There's all sorts of Approved Opinion in these early pages. Page 86, The Christian realms established [in the Holy Land] after the initial successes of the First Crusade could not be sustained, and they fell one by one between 1150 and 1291. Besides this weaselly passive-voice, these realms absolutely were sustained - the Crusade even had Jerusalem again in the early 1200s, for a full generation. Joachim "of Fiore" (da Fiore / of Flora) didn't live to see that resurgence; that's where Covey needs to set his marker, not at 1291.

As for Joachim's Last Emperor, Joachim didn't invent that trope. It's in pseudo-Methodius for which Petrus' Latin translation was rife in "Gaul". Petrus wasn't very good at his job and I dimly recall that Spain owned a further Latin or Spanish retranslation straight from the "Chaldean" (as Comey calls Syriac, p. 105)tho' I am unsure when. UPDATE 9/11: Roda Codex, Latin: Navarre / Asturias 900s AD. So Pablo Ubierna, "Byzantine Greek Apocalypses and the West", also pointing out Ps-M's resurgence in Joachim's Italy late 1200s.
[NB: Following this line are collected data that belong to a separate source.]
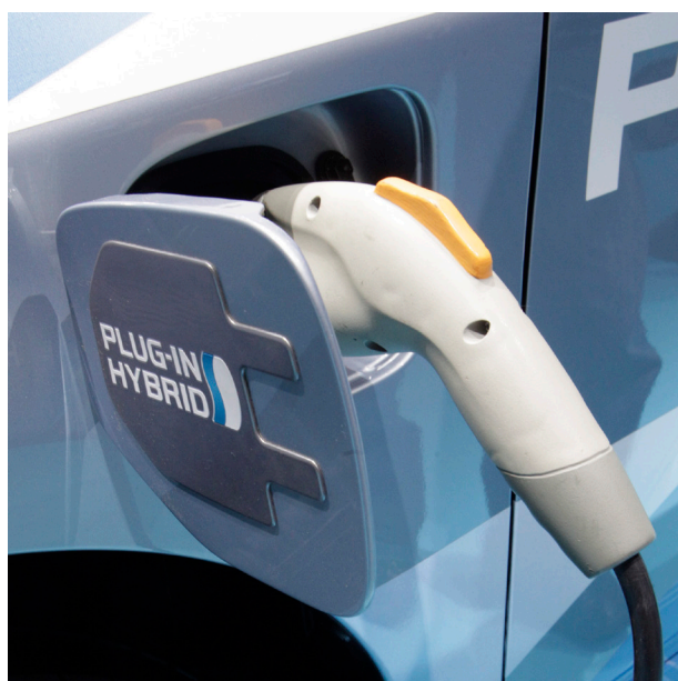
Toyota Plug-in Hybrid

ernment supports research and development in these technologies and offers considerable subsidies for purchases by consumers. The Obama administration aims to put one million electric or hybrid vehicles on the road by 2015.
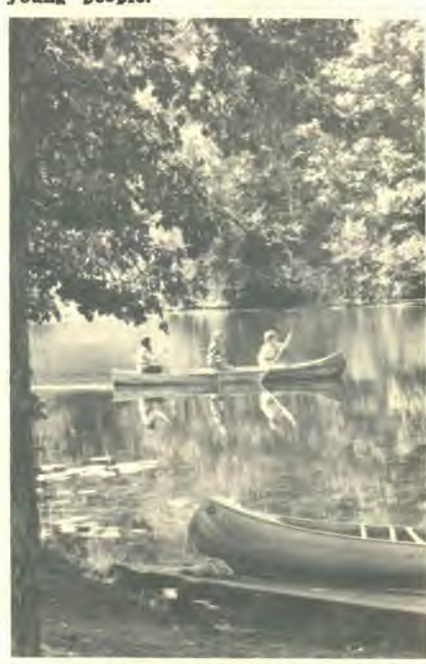
Many enjoyed using the canoes.
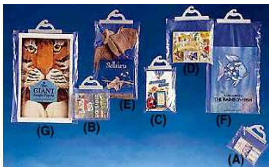
Handle adds 3 3/4" to over height
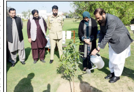
LAHORE: Punjab Governor Muhammad Balighur-Rehman along with his wife sapling a tree to inaugurate plantation campaign.
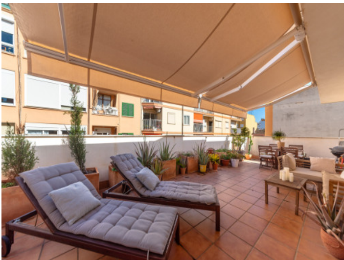
Nice terrace in the middle of the city
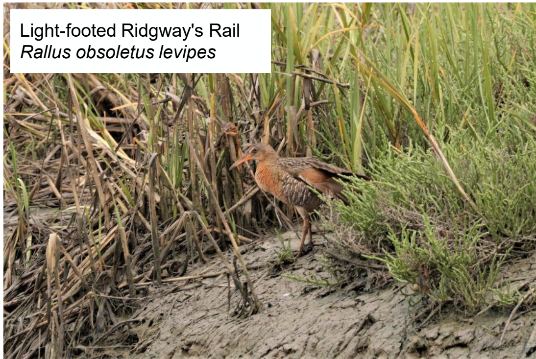
Light-footed Ridgway's Rail Rallus obsoletus levipes
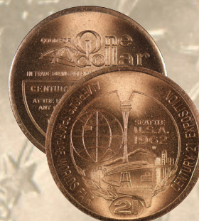
Century 21 Exposition, Seattle Medal
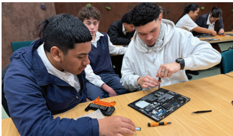
Māngere College students participating in a 'Refurbish a Device' workshop where they made their own laptop device which they then rebooted and fixed themselves.
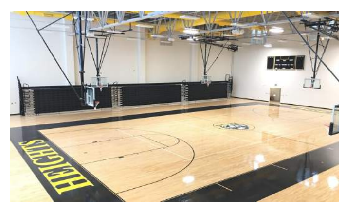
Area B Competition Gym Bleacher Installation
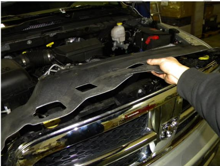
3. Remove Plastic Guard
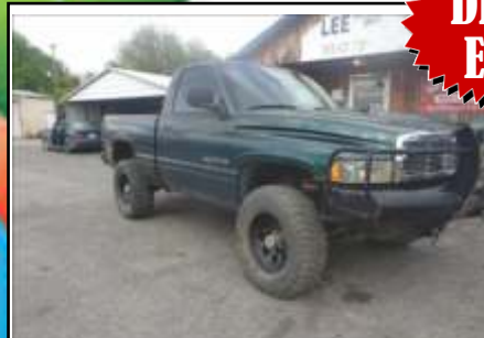
2000 Dodge Ram
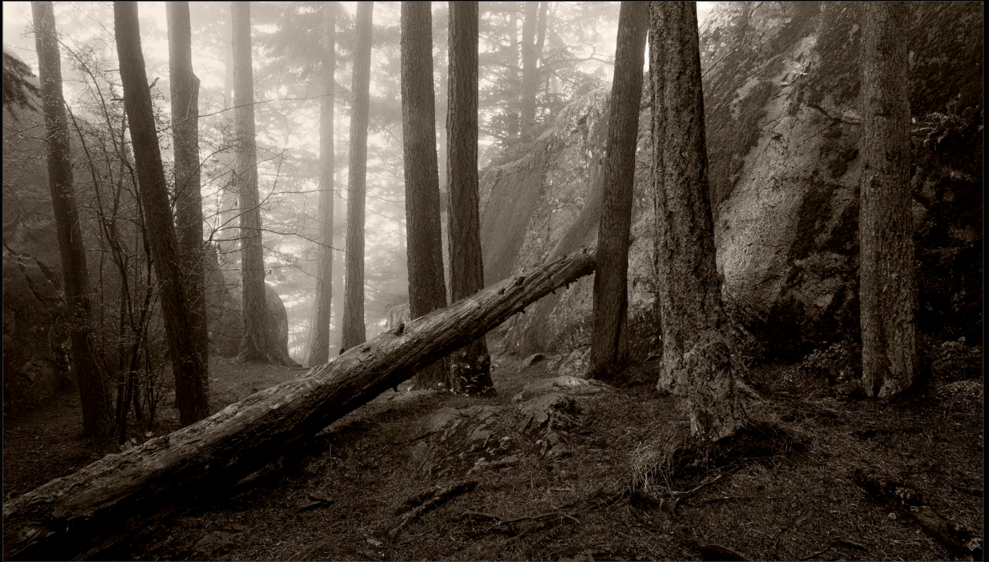
Fallen Log, Rain, Mt. Erie, Fidalgo Island, 2006
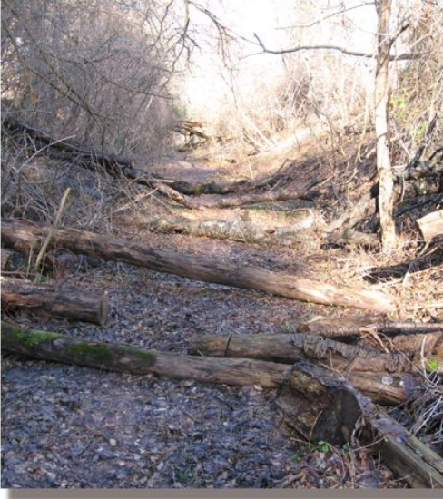
Obstructions along the Patriots Path trail bed

This Patriots Path Plan is designed to answer the following questions:
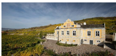
BAROQUE CELLAR PALACE
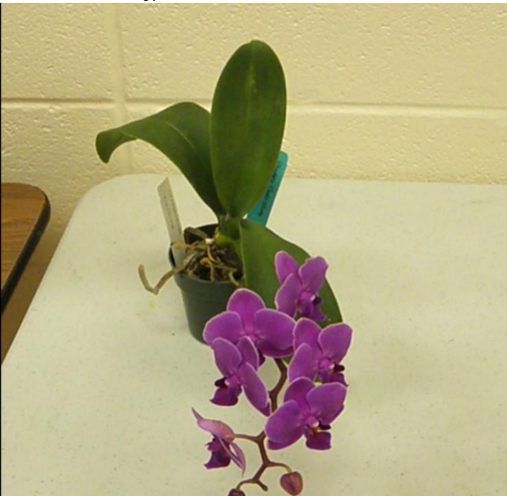
Phal. Plantation Serenade
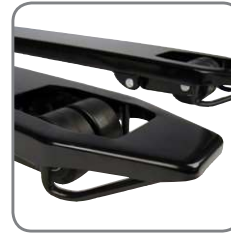
The hoop skates on the forks ensure an easy fork insertion and withdrawal in/out of pallets.
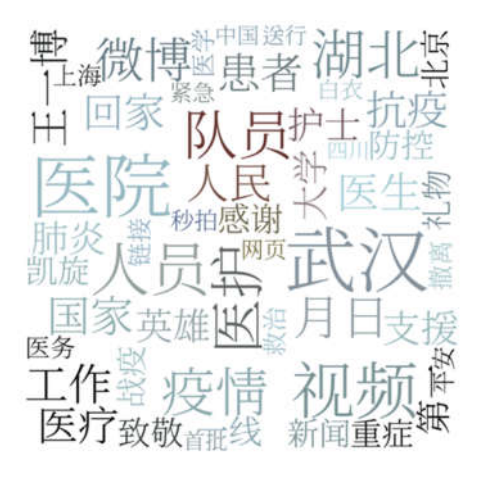
Figure 1. Word Cloud of the Top 50 Popular Words in the Main Dataset (N = 199,110)

Table 1 provides proportions, labels, and keywords of the 13 topics ranked by the size of the topic in a descending order. Topics discussing health workers in a non-gendered lens tended to emphasize their professional role. For example, topic 1 was the largest group of posts among the 13 topics and took up 17.3% tokens. Typical posts in topic 1 discussed the "professionalism" of health workers. Besides topic 1, topics of this type also included topic 2 ("triumphant return"), topic 3 ("homecoming gourmet"), topic 5 ("ICU stories"), and topic 13 ("news coverage"). These five topics jointly comprised 53.6% of all tokens, and they often unanimously referred to the aiding-hubei teams as collective groups instead of individuals, stressing the professional
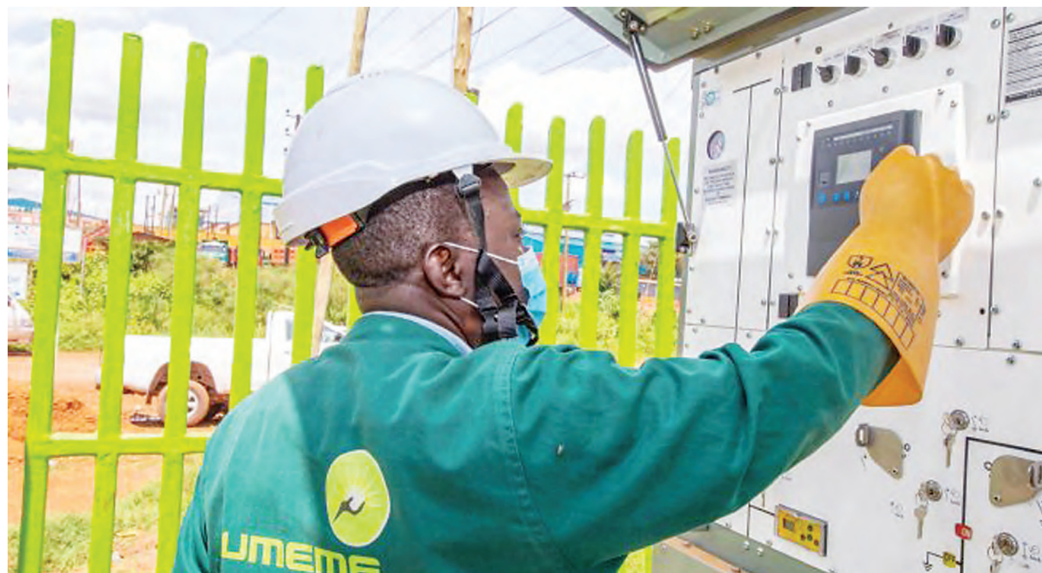
A technician from Umeme firm hard at work. File Photo

Now, let us look in which direction Covey's errors and omissions all turn. Covey doesn't allow for the Visigothic state. He doesn't allow that the Muslims preceded Spain on racism, or on antiJewish attacks. He prefers Damascus over Toledo as overlords. He sneers at the Crusade. He doesn't recognise pseudoMethodius, that most famous Christian voice under Islamic rule.

Covey is an antiCatholic bigot; and as for the Spanish, he believes that they don't deserve to rule their own peninsula, nor themselves. His pretensions otherwise ring hollow.

And you know what? That's not even what I care about. I am the very last person on Blogger to deny one's right to hold a prejudice. I also recognise that if Spanish Catholics learned it from watching YOU that does not grant to them any moral right to pick up where the Almohads left off. Still. Some of this mitigation needs bringing to evidence.

R. Alan Covey is unethical. Don't buy his book.